В Манантьялесе он снял себе комнату в рабочем квартале. Тяжесть спала с его души. Он был молод; он был здоров; он ушел от своих преследователей. Впервые за целый год он очутился в умеренном климате: ночи были холодными. И он не сидел без дела, что было всего отраднее. Он исправил дымоход у хозяйки на кухне. Расшевелил ее увальня сына, и вдвоем они вычистили бак для воды. Он пел за работой. Он охотно чинил что нужно соседям, в благодарность его приглашали обедать. Подумать только — ведь из господ, а не боится замарать руки простой работой! Со всех сторон только и слышно было «Дон Хаиме!» да «Дон Хаиме!».

Не раз потом говорилось о детях Эшли, что все они взрослели медленно. Так оно и было, но медленнее всех взрослел их отец. Вред замедленного, равно как и ускоренного, развития состоит в том, что чрезмерно затягиваются либо сжимаются, а то и вовсе выпадают отдельные фазы, через которые растущему человеку положено пройти в жизни. Мальчик Джон Эшли из Пулли-Фоллз, штат Нью-Йорк, видел себя в мечтах юным Александром Македонским, завоевывающим страну за страной, но его никогда не воодушевлял пример человека, посвятившего свою жизнь работе в колонии прокаженных; он мысленно повторял подвиги крестоносцев, но не мечтал в качестве государственного деятеля бороться с несправедливостями общественного строя.
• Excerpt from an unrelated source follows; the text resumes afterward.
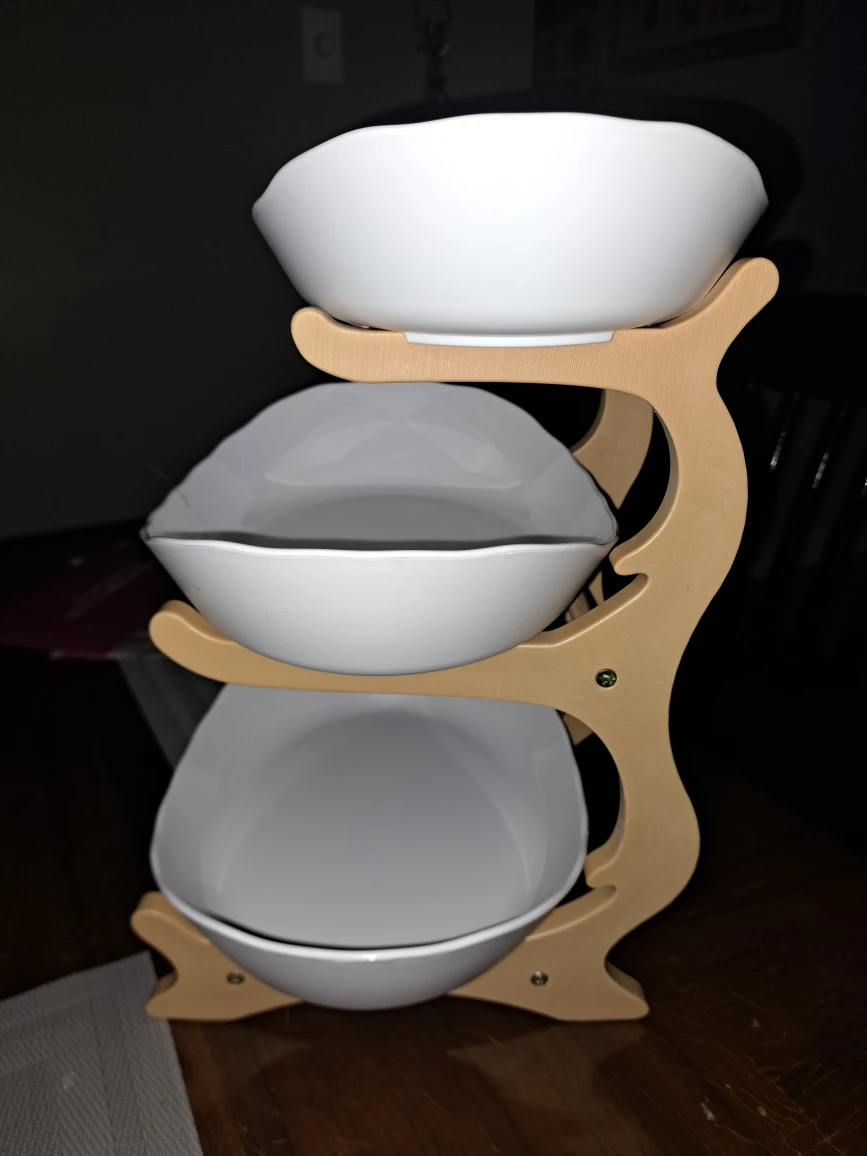 Selling a 3-tier serving stand! It's perfect for displaying snacks, desserts, or appetizers at your next gathering. The stand is in great condition and ready to use. It features three white serving bowls and a light-colored wooden frame.

Его юношеского бунтарства хватило лишь на то, чтобы воздвигнуть стену между

собой и боготворившими его родителями и низвергнуть кумиров, которым они поклонялись. Став студентом технического колледжа, он сразу же объявил себя атеистом, а между тем оставался в плену предрассудков похуже религиозных; не веря в бога, он безотчетно верил в свою власть над судьбой: с кем угодно может случиться несчастье, только не с ним; обстоятельства всегда будут благоприятствовать любым его желаниям. А главное — он почти миновал тот период, когда каждый нормально развивающийся юноша задается философскими проблемами бытия. И теперь в Манантьялесе Эшли испытывал муки разума, которые должен был испытывать на двадцать лет раньше. По ночам, лежа на кровле дома, он вглядывался в созвездия, мерцавшие между горными пиками, и его мысли перекликались с мыслями другого молодого человека, персонажа книги, написанной за тысячи миль от Чили: «В бесконечности времени, пространства, материи возникает организм, который, как пузырь, существует короткое время и лопается; я — такой пузырь».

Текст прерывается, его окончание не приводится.